Much of this change is brought by Erik Killmonger (Michael B. Jordan), the man who is supposed to be the villain but after the credits roll, feels more like the Marvel version of Malcolm X. Killmonger was a man who went from the streets of Oakland, Calif. to the Wakandan throne; a man who sought the liberation of his people and found the redemption of his soul. To hate on him would be missing the entire history of a country—his country—and the ripples provoked by the pain over which it was built.
From references to colonialism and slavery, to drugs and police brutality, Black Panther tackles racial injustices through humor and serious dialogue.

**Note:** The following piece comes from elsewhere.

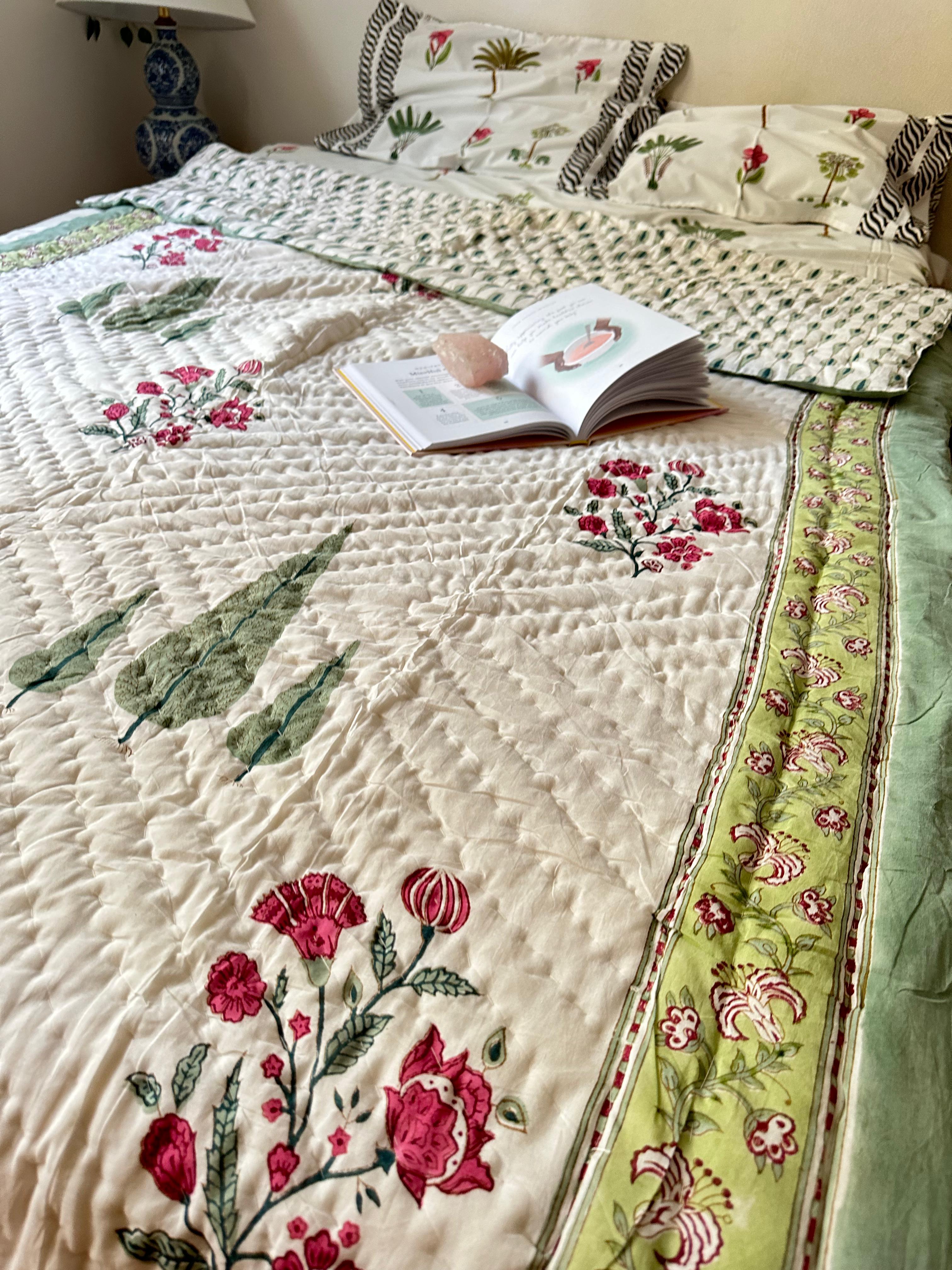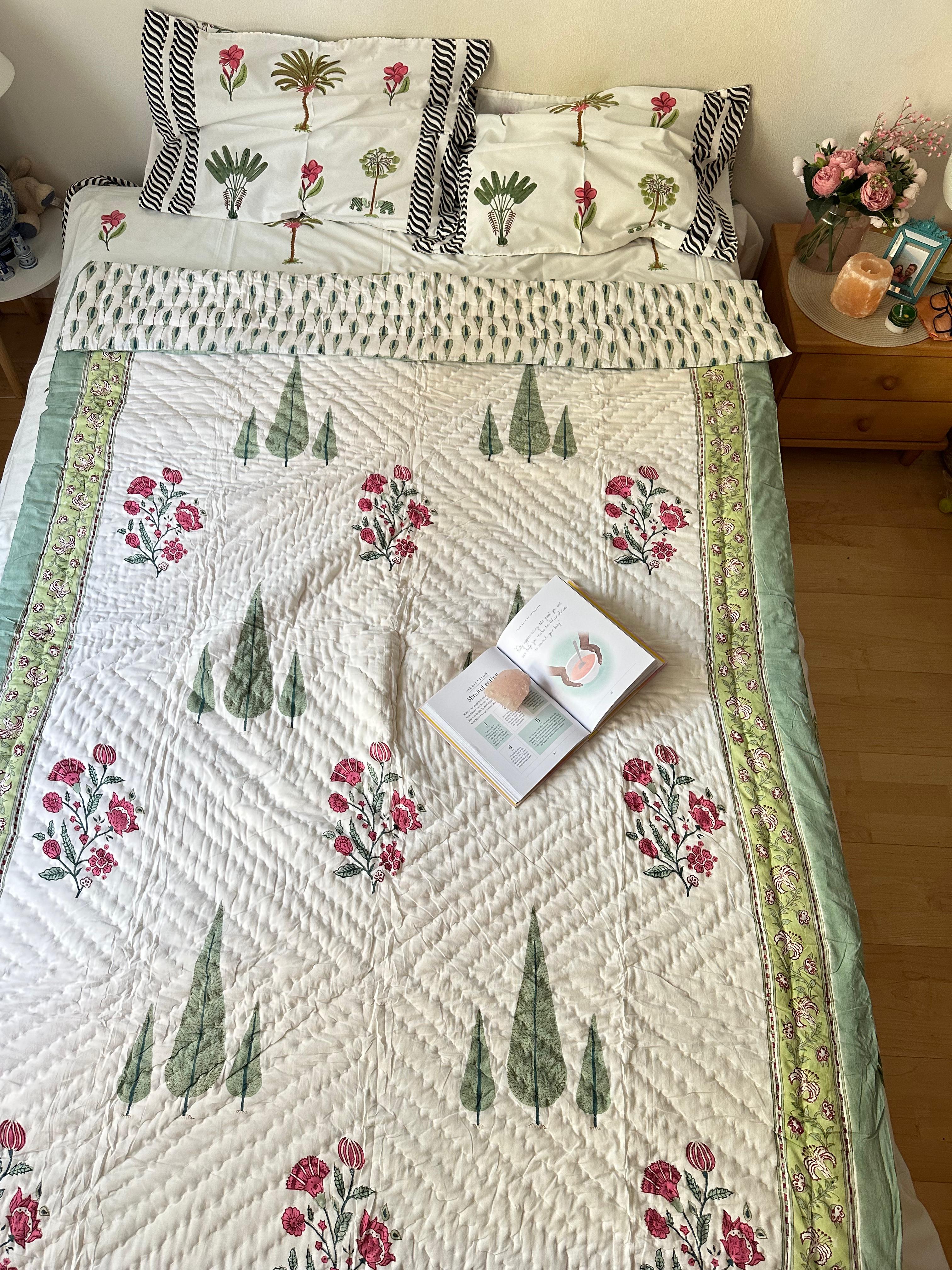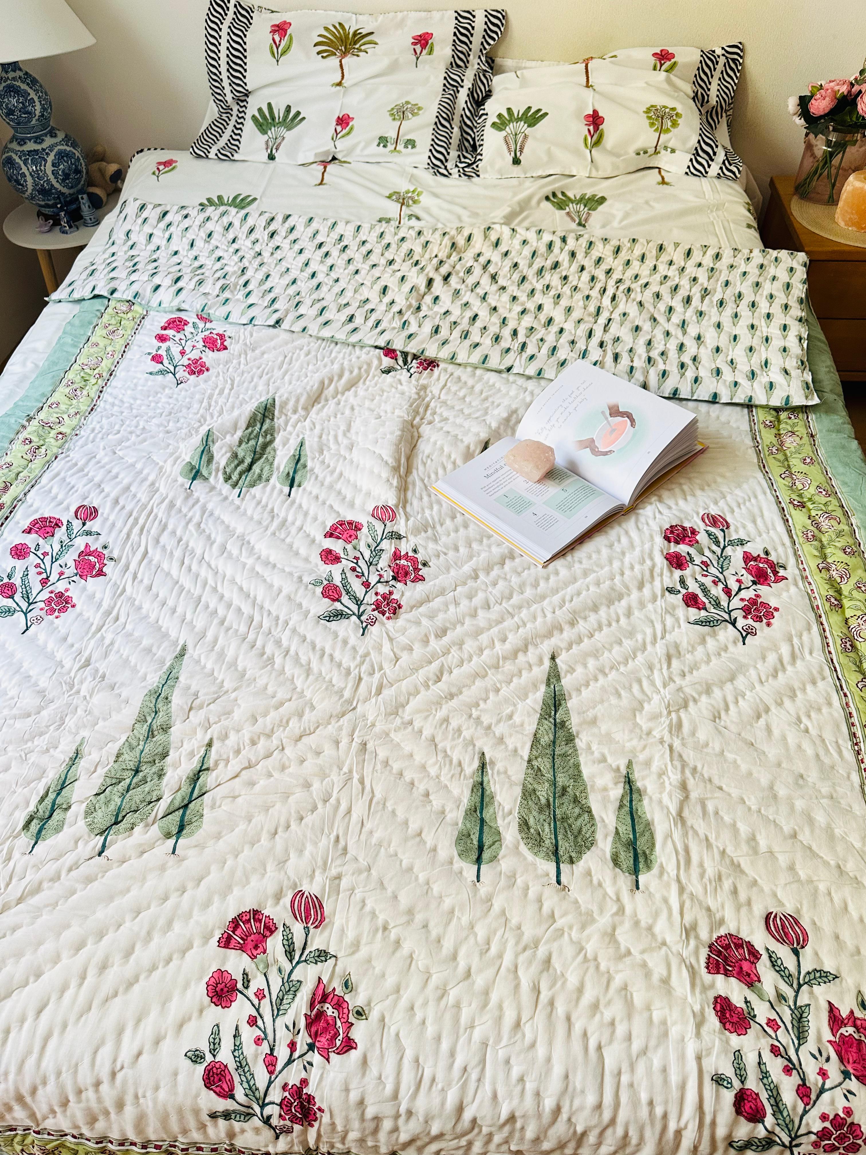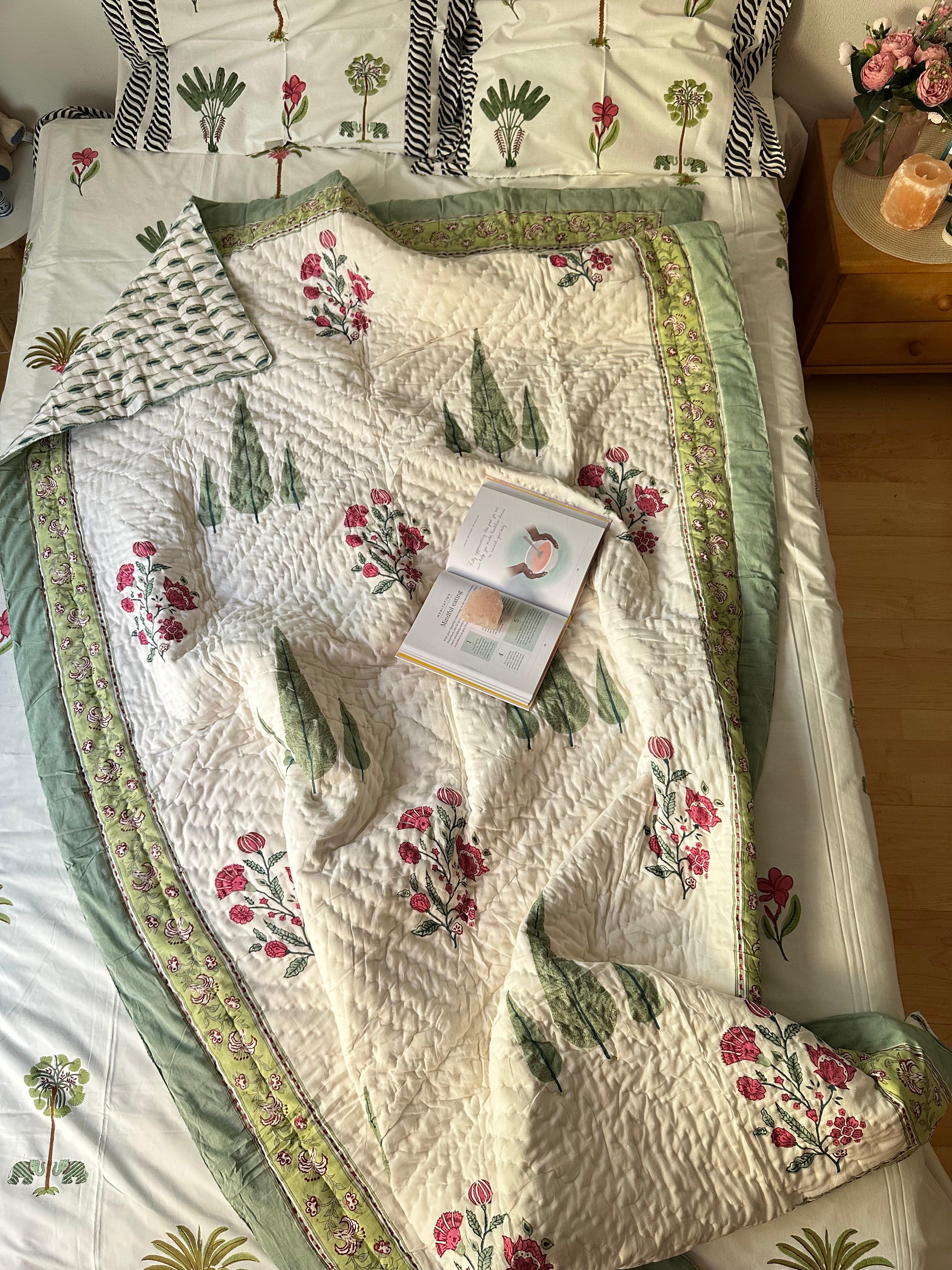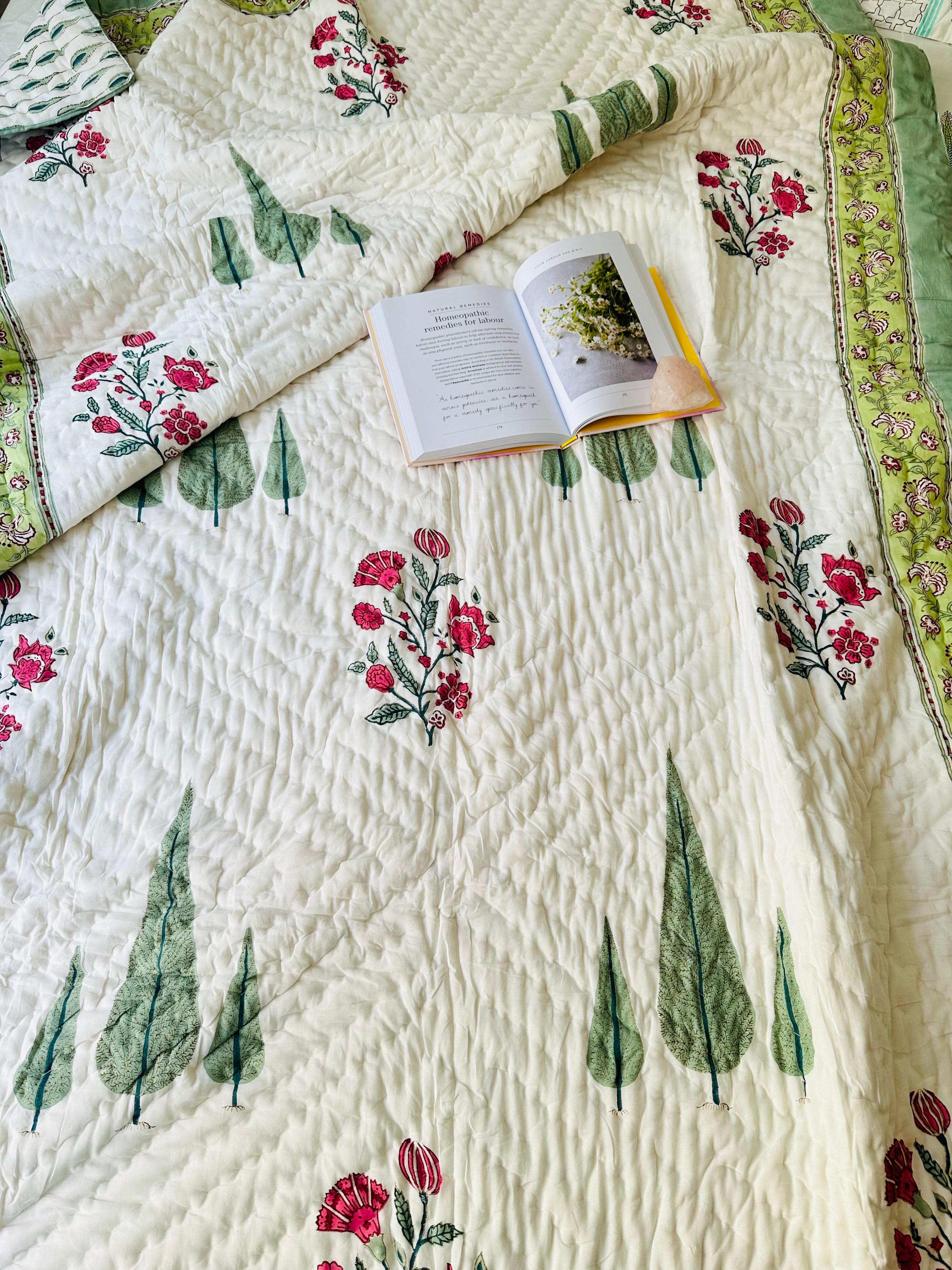 Entdecken Sie den bezaubernden Reiz unserer Ganzjahresdecke, die mit eleganten Zypressen und rosa Blumen geschmückt ist, die sorgfältig im Handblockverfahren bedruckt wurden. Diese Decke aus leichter Premium-Baumwolle ist weich, leicht und perfekt für ganzjährigen Komfort.

Both Shuri’s (Letitia Wright) joking remark to Everett Ross (Martin Freeman) as a colonizer and Killmonger’s reference to his slave ancestors and how he would rather die than live in bondage, make the film uncomfortably real. It is uncomfortable, at least, to those who are willing to listen to those lines and take them as offenses rather than lessons.
The female powerhouses of Wakanda turned a film already heavy on social commentary into something beyond an explosion-filled superhero film. Nakia (Lupita Nyong’o), Okoye (Danai Gurira) and Shuri dismiss the damsel-in-distress ad nauseam narrative and switch it into one where their gender does not dictate who they are and what they do.
Nakia, a spy, Okoye, Wakanda’s strongest warrior and general and Shuri, a technological genius, embrace their womanhood as much as T’Challa and Killmonger embrace their blackness. Wakanda and its people represent a light of hope in a society riddled with discrimination and unwillingness to accept it. This film opens up the nation of Wakanda to the world for the first time, the closest to a fair and advanced utopia, in the hope that a fictional universe might encourage us to take a step closer to it in reality.
A lot has happened since Captain America became a staple for both Marvel Comics and the United States, such as the Civil Rights Movement, Vietnam, the Gulf War, Afghanistan, Iraq and Black Lives Matter. A lot has changed, and a lot has not, Black Panther appears as a response to that which has not changed and as a catalyzer for that which should.